Even if you are wearing a stainless steel bowl on your head? :shock: :shock: That's depressing news.  :lol: :lol: 
Cheers
Mike


----------



## Astro (Nov 27, 2006)

what stones...where????

as for pfd's you need to decide how safe you want to be...personally i feel that only need something to keep me up right, if i black out etc...and fall overboard then too bad...my times up

but unless in a surf zone leash yourself to your yak...i know i will be when i get the AI...current and wind will blow a yak far quickly...imagine if it had a sail...

go with a buddy if possible if not start out slow in quiet areas if possible so you can get your confidence and skills without having to worry about jet skis etc
learn to swim, learn from someone experienced and don't be afraid to ask

get out jump off and tip over yak...and then do in reverse....try in the shallows so you gain an understanding of how heavy your yak will be to right and how hard/easy it is to get back on....do not try this in deep and/or fast water (check youtube)

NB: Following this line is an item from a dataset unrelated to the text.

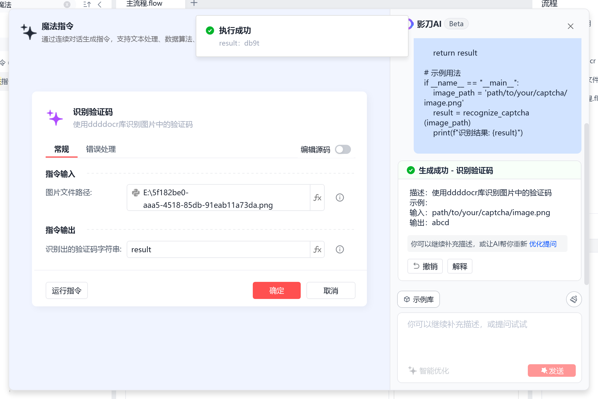 生成的魔法指令测试结果:

i was trained through sea scouts for both sailing and kayaking, we did worst case scenarios, rescues, capsizing etc..i even got badges for it... 8) i have maintained those skills by actively pursuing my hobby and will brush up on the sailing angle once i upgrade

from what i see here is there are a lot of experienced and safety conscious members...it's challenging to push the boundaries...just be prepared when you do


----------